Recorded information section start

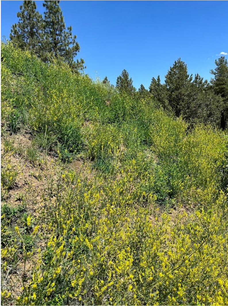
Chemical Treatment of weeds
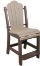
Daisy Side Counter Chair #DSC - 14 19" W x 24" D x 43" H Seat - 23 1/2" (29 lbs.)
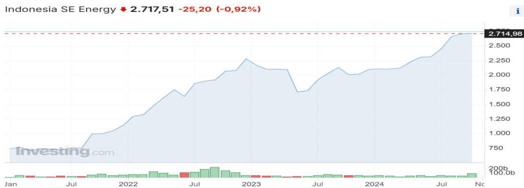
Image 2. IDXENERGY Graph Data

The phenomenon of corporate financial performance as seen from the movement of company profits and the development of the energy sector that is filled with dynamics makes this study interesting. The differences in the previous research also make this research worth testing. Therefore, of all the aspects that have been shown, this study aims to see how the influence of financial and macroeconomic performance on stock prices with CSR as moderation in energy sector companies contained in the ISSI index in 2020-2023.
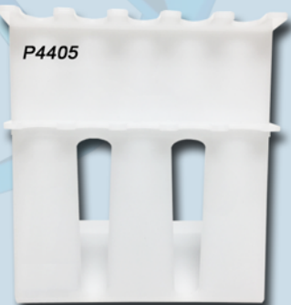
5-Place Rack up to two multi-channels
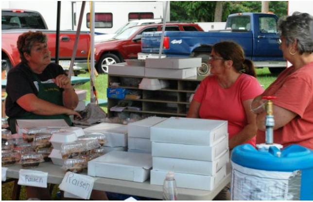
Part of the Grange's responsibility for the Lodge steak dinner stand at the Perry County Fair was the baking and serving of homemade pie – about 100 pies were consumed during the week. Proceeds were shared between the two organizations.
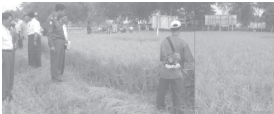
Minister Maj-Gen Htay Oo inspects harvesting of summer paddy on 5 May.— (A & 1)
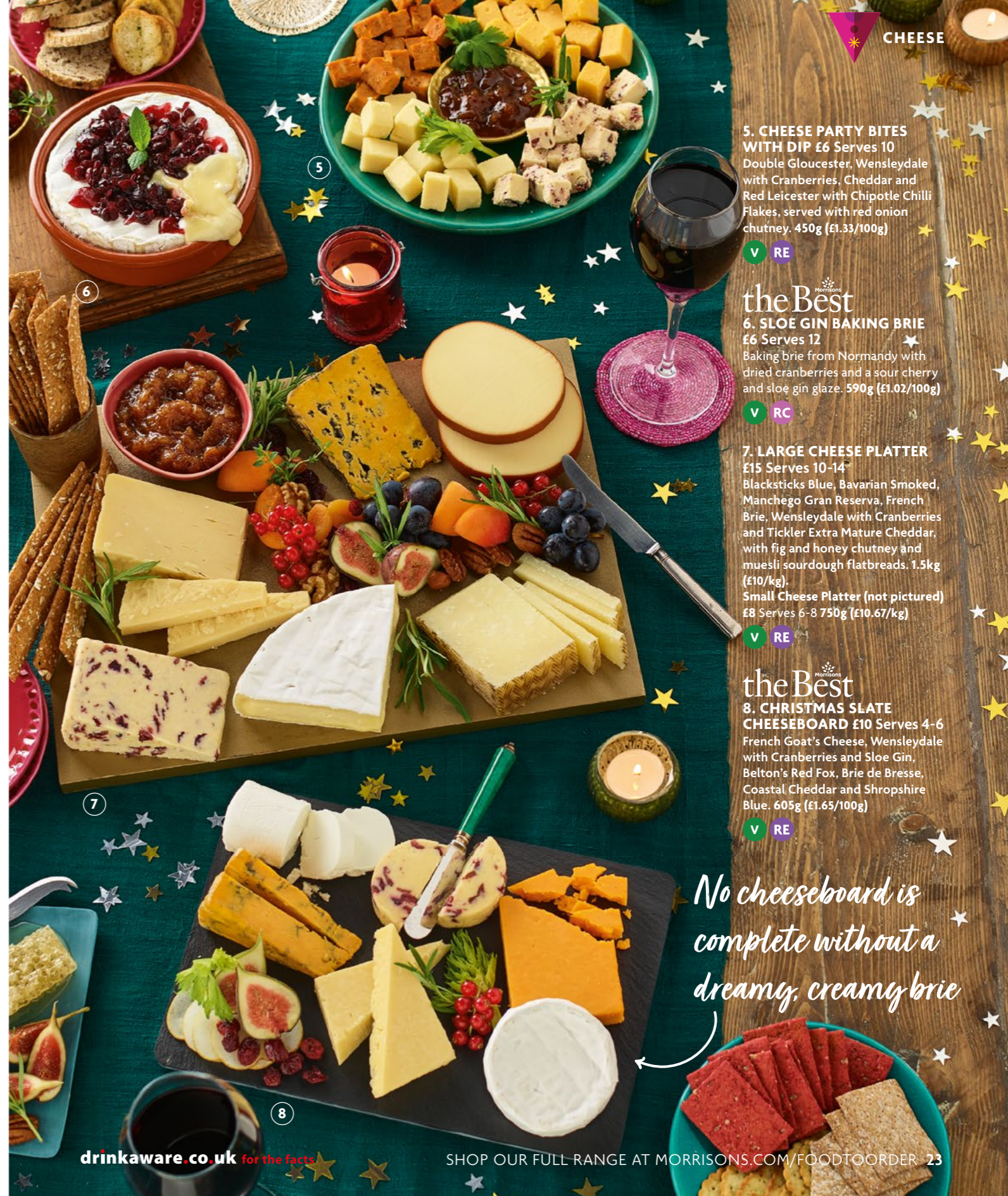
5. CHEESE PARTY BITES WITH DIP £6 Serves 10 Double Gloucester, Wensleydale with Cranberries, Cheddar and Red Leicester with Chipotle Chilli Flakes, served with red onion chutney. 450g (£1.33/100g)
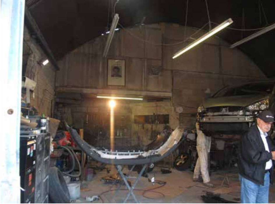
Plate 305: Interior of arch - view towards the rear
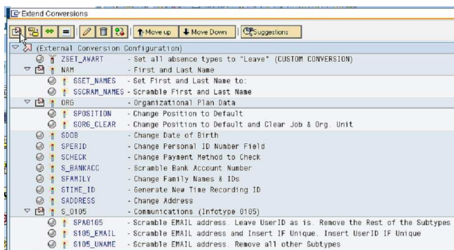
Figure 1. Conversions for HR data.

Such variety of types of application data makes us searching for vendors which provide support on data copy and data anonymization for the most of SAP system types. Especially it concerns the availability of pre-defined data transformation (conversion) rules in a solution. The examples of such conversions for HR data implemented in Data Sync Manager for HCM tool are shown in Fig. 1.
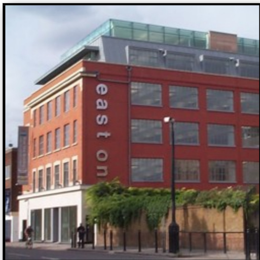
The front on Commercial Street
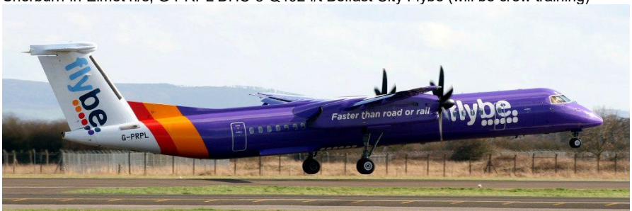
G-PRPL DHC8-Q402 20/03
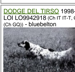
DODGE DEL TIRSO 1998-02-14 (M) LOI LO9942918 (Ch IT-T, CHIB, Camp. Tr. (Ch GQ)) - bluebelton
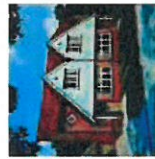
Letchworth 95 sq. ft. | 3 bedrooms
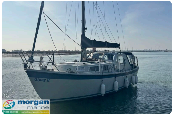
LM 27 Motor Sailer - rails

Recorded information section end

### Prompt
The data above must be given again in full and unaltered, minus its images.

### Answer for the task
Chemical Treatment of weeds
Daisy Side Counter Chair #DSC - 14 19" W x 24" D x 43" H Seat - 23 1/2" (29 lbs.)
Image 2. IDXENERGY Graph Data

The phenomenon of corporate financial performance as seen from the movement of company profits and the development of the energy sector that is filled with dynamics makes this study interesting. The differences in the previous research also make this research worth testing. Therefore, of all the aspects that have been shown, this study aims to see how the influence of financial and macroeconomic performance on stock prices with CSR as moderation in energy sector companies contained in the ISSI index in 2020-2023.
5-Place Rack up to two multi-channels
Part of the Grange's responsibility for the Lodge steak dinner stand at the Perry County Fair was the baking and serving of homemade pie – about 100 pies were consumed during the week. Proceeds were shared between the two organizations.
Minister Maj-Gen Htay Oo inspects harvesting of summer paddy on 5 May.— (A & 1)
5. CHEESE PARTY BITES WITH DIP £6 Serves 10 Double Gloucester, Wensleydale with Cranberries, Cheddar and Red Leicester with Chipotle Chilli Flakes, served with red onion chutney. 450g (£1.33/100g)
Plate 305: Interior of arch - view towards the rear
Figure 1. Conversions for HR data.

Such variety of types of application data makes us searching for vendors which provide support on data copy and data anonymization for the most of SAP system types. Especially it concerns the availability of pre-defined data transformation (conversion) rules in a solution. The examples of such conversions for HR data implemented in Data Sync Manager for HCM tool are shown in Fig. 1.
The front on Commercial Street
G-PRPL DHC8-Q402 20/03
DODGE DEL TIRSO 1998-02-14 (M) LOI LO9942918 (Ch IT-T, CHIB, Camp. Tr. (Ch GQ)) - bluebelton
Letchworth 95 sq. ft. | 3 bedrooms
LM 27 Motor Sailer - rails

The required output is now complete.